Recorded data:
___
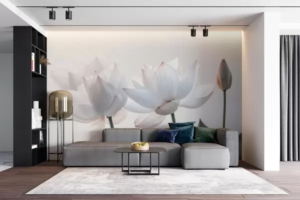 Fotobehang Zachte lotusbloemen met bloemblaadjes en bladeren N° w08488
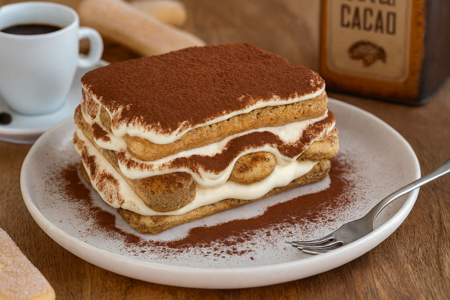 La ricetta originale prevede savoiardi, caffè espresso amaro, uova fresche, zucchero, mascarpone e cacao amaro. Non sono previsti liquori o panna, anche se alcune varianti regionali li includono per personalizzare il gusto.
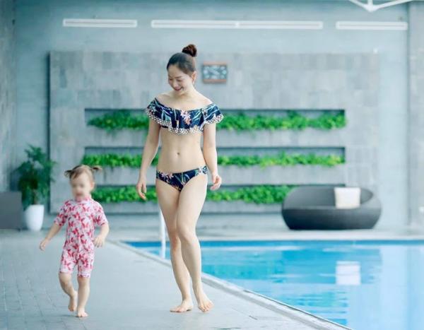 Lan Phương cho con gái đi bơi để tăng sức đề kháng
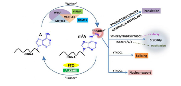 6-甲基腺嘌呤(m6A)是在存在于真核生物的RNA分子中最常見的和豐富的甲基化修飾和占所有RNA甲基化的80%以上。它可以被稱為“第五RNA堿基”并且在調(diào)節(jié)胚胎發(fā)育和細胞命運中具有廣泛的作用。
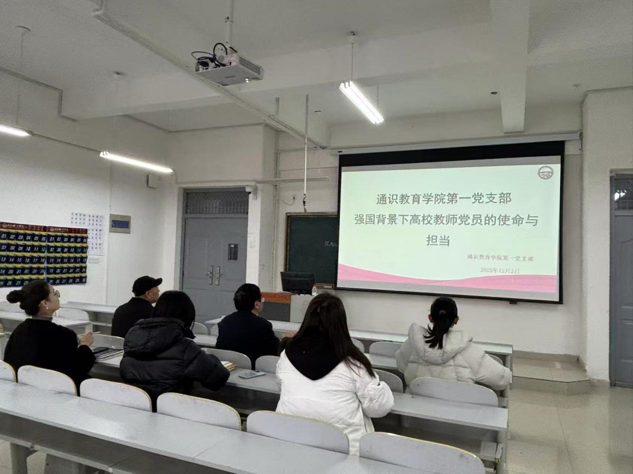 12月2日上午,通识教育学院第一党支部在希文楼203教室组织开展政治理论学习活动。本次学习以“强国背景下高校教师党员的使命与担当”为主题,由党支部书记花清亮主持,支部全体党员教师参加。
___
What needs to be done:
Go through the records above and write out every line exactly, passing over the pictures.

Written answer:
 Fotobehang Zachte lotusbloemen met bloemblaadjes en bladeren N° w08488
 La ricetta originale prevede savoiardi, caffè espresso amaro, uova fresche, zucchero, mascarpone e cacao amaro. Non sono previsti liquori o panna, anche se alcune varianti regionali li includono per personalizzare il gusto.
 Lan Phương cho con gái đi bơi để tăng sức đề kháng
 6-甲基腺嘌呤(m6A)是在存在于真核生物的RNA分子中最常見的和豐富的甲基化修飾和占所有RNA甲基化的80%以上。它可以被稱為“第五RNA堿基”并且在調(diào)節(jié)胚胎發(fā)育和細胞命運中具有廣泛的作用。
 12月2日上午,通识教育学院第一党支部在希文楼203教室组织开展政治理论学习活动。本次学习以“强国背景下高校教师党员的使命与担当”为主题,由党支部书记花清亮主持,支部全体党员教师参加。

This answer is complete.